Collection and analysis of semantic artefacts. The diagram shows the collection of semantic artefacts and their metadata using 17 catalogues and a Google search. The “MOD 2.0” was used to harmonise the metadata properties analysed in the study. The analyses included an evaluation of topics’ coverage, FAIRness and management.

Table 2 provides an overview of the exposed properties considered within this analysis for the 17 semantic catalogues used to compile the list of semantic artefacts.

Data analysis and data visualisation were performed in the R-Studio interface, R engine version 4.3.049 (Fig. 7).

Data manipulation was carried out with the packages dplyr v.1.1.250, tidyverse v.2.0.051, tidyr v.1.2.052, and reshape v.2153. To find the most frequent topics covered by the semantic artefacts gathered herein, a text mining analysis was carried out on the full title of the semantic artefacts and their descriptions by using tm package v.0.7-1154. The package wordcloud v.2.655 was used to display results of text mining analysis performed on titles. To clean the text, the functions removePunctuation, removeNumbers, stripWhitespace, and content_transformer within tm were used, respectively, to eliminate punctuation marks, numbers, and extra white spaces and to convert all letters to lowercase. The tm function removeWords was applied to remove stopwords and common words such as semantic, ontology, thesaurus, vocabulary, glossary, terms, and terminology as well as project-specific words such as NERC, Argo, SeaDataNet etc.
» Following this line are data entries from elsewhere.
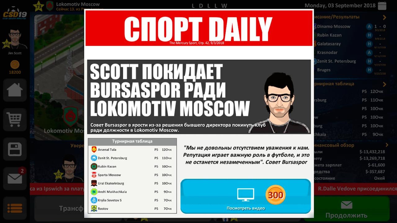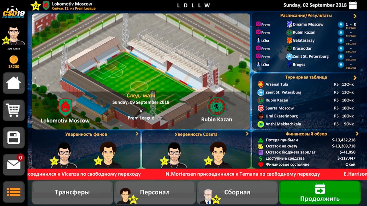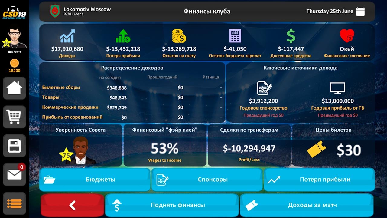 В этот раз футбольный менеджер будет серьезно дополнен обновлениями. Например, на этот раз игроки смогут выбрать клубы из таких добавленных стран как Португалия, Турция, Россия, Аргентина и многие другие. Игрок из Club Soccer Director 2019 может самостоятельно выбрать тот самый клуб, который он так сильно любит и потом пройдет за него огромное количество матчей, сыгранных в разных городах и странах. Добавлено огромное количество лиг из каждой страны и теперь вы можете сыграть за свои клубы из РПЛ, чтобы провести их к мировому величию. Теперь, чтобы победить в матчах, нужно серьезно задуматься над тактикой и сделать так, чтобы она начала быстро приносить плоды. Естественно для этого придется серьезно постараться, ведь думать как менеджер очень сложно. Сформируйте собственную крутую команду, проведите трансферы и набирайте новых игроков. Вам будет доступен огромный рынок с кандидатами на самые разные места в команде. Club Soccer Director 2019 полон удивительных режимов, в которых вы покажите себя как профессиональный тренер.Управляйте своим клубов в новом сезоне Club Soccer Director 2019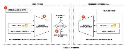 DS28C36和DS28E35等基于非對稱加密的產(chǎn)品提供更靈活的方法,因?yàn)橹鳈C(jī)側(cè)不需要防止密鑰被泄露。然而,為降低公鑰算法負(fù)荷并且提供附加安全操作,可利用DS2476 (DS28C36的配套IC)等主機(jī)側(cè)協(xié)處理器簡化系統(tǒng)方案的開發(fā)。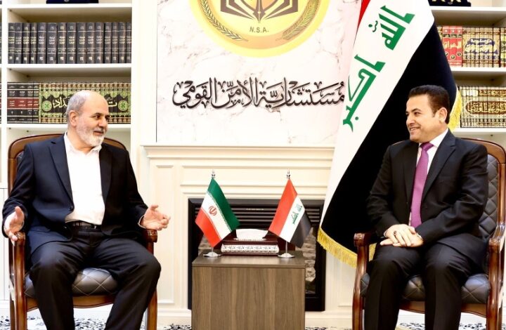 وقال المكتب الإعلامي لمستشار الأمن القومي في بيان تلقته (الاولى نيوز)، ان “مستشار الأمن القومي قاسم الأعرجي استقبل، بمكتبه اليوم، أمين المجلس الأعلى للأمن القومي الإيراني علي أكبر أحمديان والوفد المرافق له، بحضور السفير الإيراني في بغداد محمد كاظم آل صادق”، مبينا ان “اللقاء شهد استعراض مجمل الأوضاع السياسية والأمنية في المنطقة، إلى جانب بحث تعزيز وتمتين العلاقات بين العراق وإيران وعلى كافة الصعد”.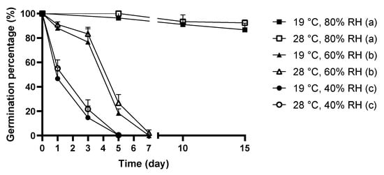 The germination percentage of the dehydrated mold spores was used as an indicator to assess mold viability. The viability of C. cladosporioides spores under moisture dynamics with different combinations of temperature and RH levels is presented in Figure 1.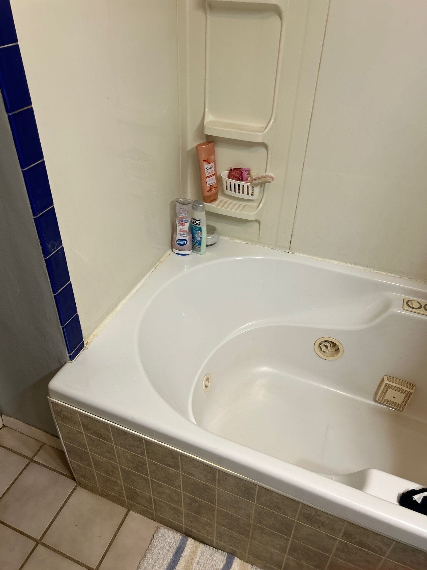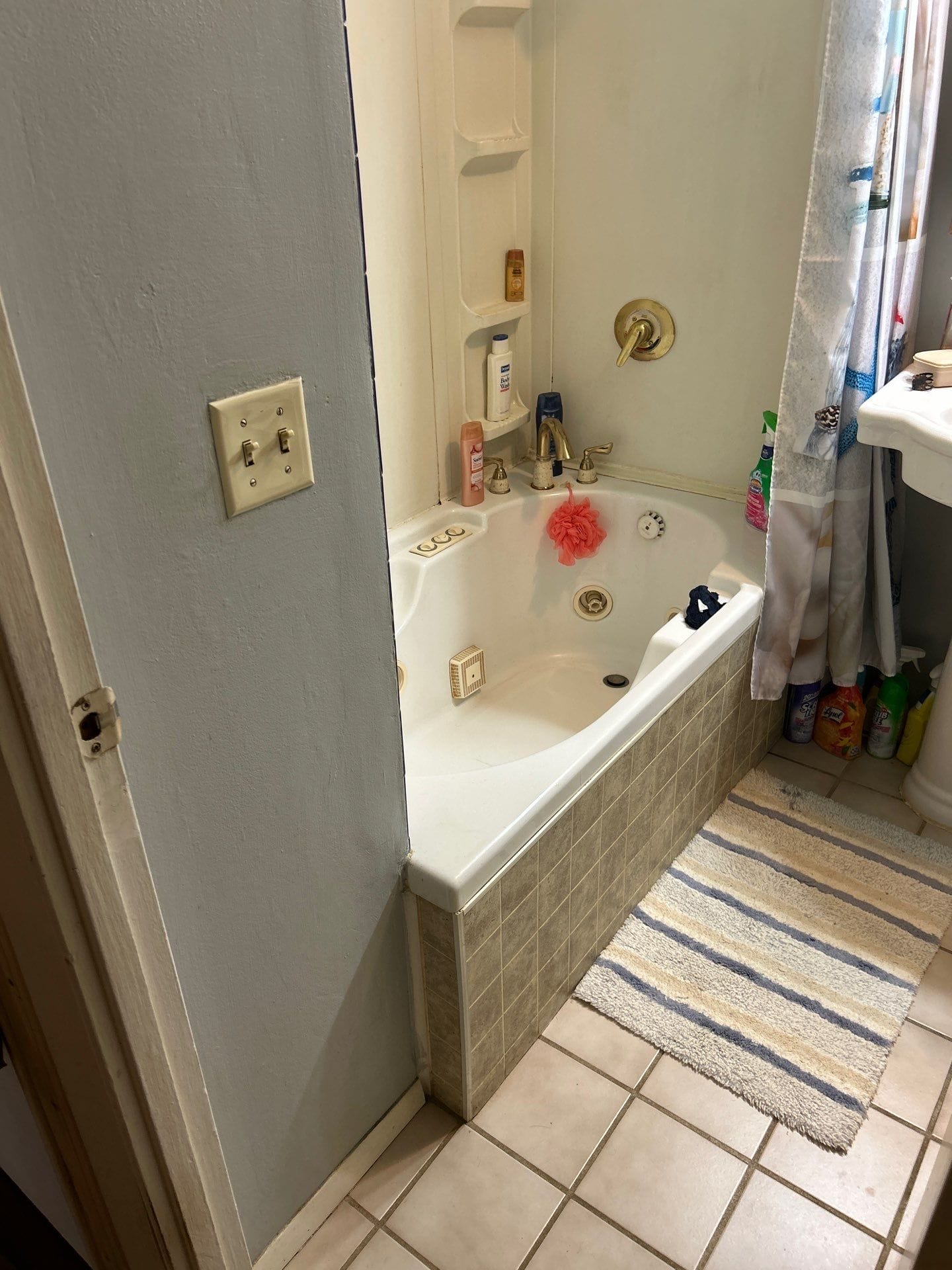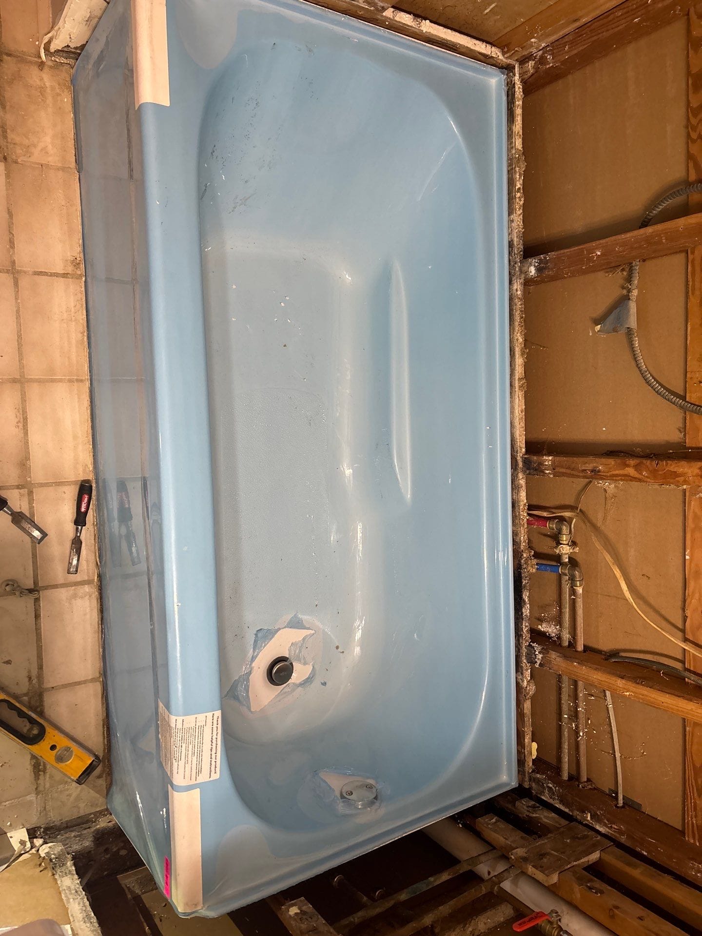 Installation involved removal of the existing bathtub and surrounding wall materials to prepare the structure for the new system. The installation team completed a full tear-out to the framing before installing the waterproof backer system and composite wall panels extending to the ceiling. A new soaker tub with a smooth front apron was installed along with updated plumbing fixtures and reinforced corner shelving for storage. A curved curtain rod was mounted to provide additional interior space while maintaining easy access to the bathing area. The installation area was protected during the process and all materials and debris were removed upon completion, resulting in a refreshed and functional bathing space.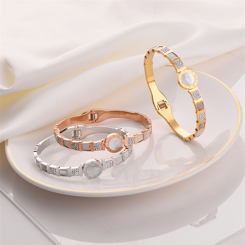 2023種類の国境を越えた電気商の起爆金ローマ字にチタン鋼のブレスレットを入れた女性バラ金は色あせない現物卸売り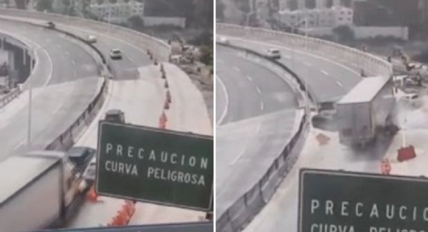 El clip, captado por una cámara de seguridad, muestra al tráiler acercándose a gran velocidad a una de las curvas de esta vía, impactando incluso a tres vehículos que iban delante de él, y cuyos conductores resultaron lesionados.
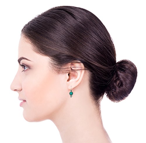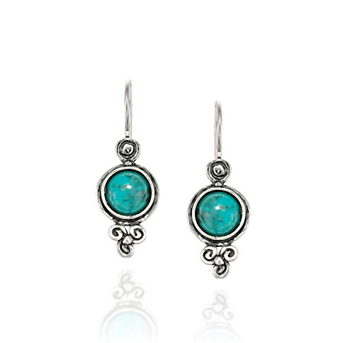 Antique style Turquoise Sterling Silver diamond-shaped dangle earrings with decorative floral design. 925 Sterling Silver dangle earrings with 2 mm round cabochon reconstituted Turquoise gemstone. These elegant earrings measure about 5/8" or 1.6 cm in size excluding the nickel free Sterling Silver French wire hooks. These earrings are lightweight and the Silver diamond-shape is open in the back. Unique artisan design.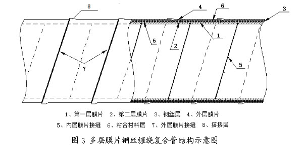 中等口径的中低压管道可由两层华体会huatihui(中国)同向螺旋缠绕热合而成,中间夹一层镀铜“过塑”高强度碳素弹簧钢丝,其拉伸强度可达1800MPa~2000MPa。每层华体会huatihui(中国)都先在特种设备上复合一薄层高强度粘合材料。复合管材时外层华体会huatihui(中国)的中线紧压在内层华体会huatihui(中国)的接缝上。内层华体会huatihui(中国)接缝在复合时先用焊枪焊接,外层华体会huatihui(中国)接缝则采用搭接方式连接。两层华体会huatihui(中国)敷胶面相向,连同钢丝大面积螺旋缠绕热压粘合,其粘合强度远超普通聚乙烯钢丝缠绕复合管。大口径管道则由3~4层华体会huatihui(中国)加钢丝复合。管材结构详见图3。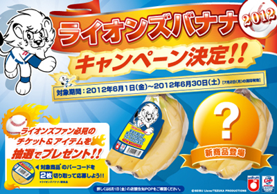 また、6月1日(金)〜30日(土)の期間中に、「ライオンズバナナ」および「ライオンズバナナ ホームラン」のバーコードを2枚切り取って応募すると、昨年に引き続き今年も9月1日(土)千葉ロッテ戦で実施される「ライオンズバナナスペシャル」にて、「始球式」「贈呈式」「ベースランニング」「選手入場子ども花道」等の権利が当たるキャンペーンを実施します。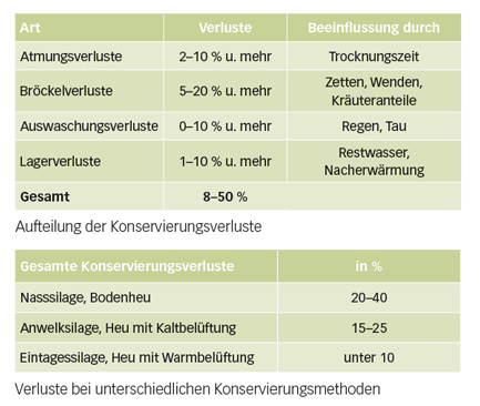 Konservierungsverluste gering halten Ein weiterer Vorteil der Heubelüftung ist der geringere Anfall von Konservierungsverlusten. Bei den Konservierungsverlusten sind in der Praxis die Atmungsverluste nach dem Schnitt und die Bröckelverluste im Zuge der mechanischen Bearbeitung von entscheidender Bedeutung. Sie hängen neben dem Kräuter- und Leguminosenanteil vorrangig von der mechanischen Belastung ab, wobei jeder Arbeitsgang Bröckelverluste bedeutet. Mit zunehmender Trocknung (über 60 % TM) steigen die Bröckelverluste überproportional, weshalb am zweiten Tag das Futter nach Möglichkeit nur noch wenig bearbeitet werden sollte. Bei Bodenheu gehen bei der Ernte um rund 100 kg TM/ha mehr an Bröckelverlusten verloren als bei Belüftungsheu. Zudem sind bei Bodenheu die Energiegehalte häufig um 10 bis 15 % und die Rohproteingehalte um 15 bis 20 % geringer. Alles in allem handelt es sich um Eiweiß- und Energiereserven, die bei der Produktion von Bodenheu nicht genutzt werden.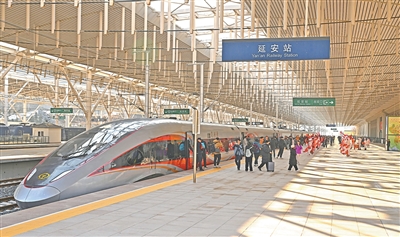 “未来,将有更多人乘着高铁列车来延安,来读延安革命旧址这本‘永远读不完的书’,看今天延安的山河巨变。”目送列车飞驰,国铁西安局延安车务段客运科科长徐涛说。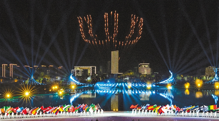 图为8月7日,演员在开幕式上表演。 新华社记者 陈振海 摄

As for the versioning analysis, only the semantic artefacts shared with a specified version among at least two catalogues were considered. To calculate the versions’ alignment across semantic catalogues, the number of times in which the resource had a unique version value was counted and, such value, was then divided by the number of catalogues in which the resource was available. The resulting values ranged between 0 and 1, whereby 0 represented a perfect alignment between versions of the same semantic artefact across different semantic catalogues and 1 represented the maximum misalignment of versions, i.e. all catalogues in which the same resource was available had different versions of that semantic artefact. Notably, when version formats of the same semantic artefact were not directly comparable, versions were also considered misaligned (e.g. instances in which version number and date were used in different catalogues as versions of the same resource).

Lastly, images were plotted using ggplot2 v.3.4.256 and the packages treemapify v.2.557. and ggvenn v.0.1.1058 were used respectively for the treemaps and the Venn diagram. The waffle chart was generated using waffle v.1.0.159 and hrbrthemes v.0.8.060.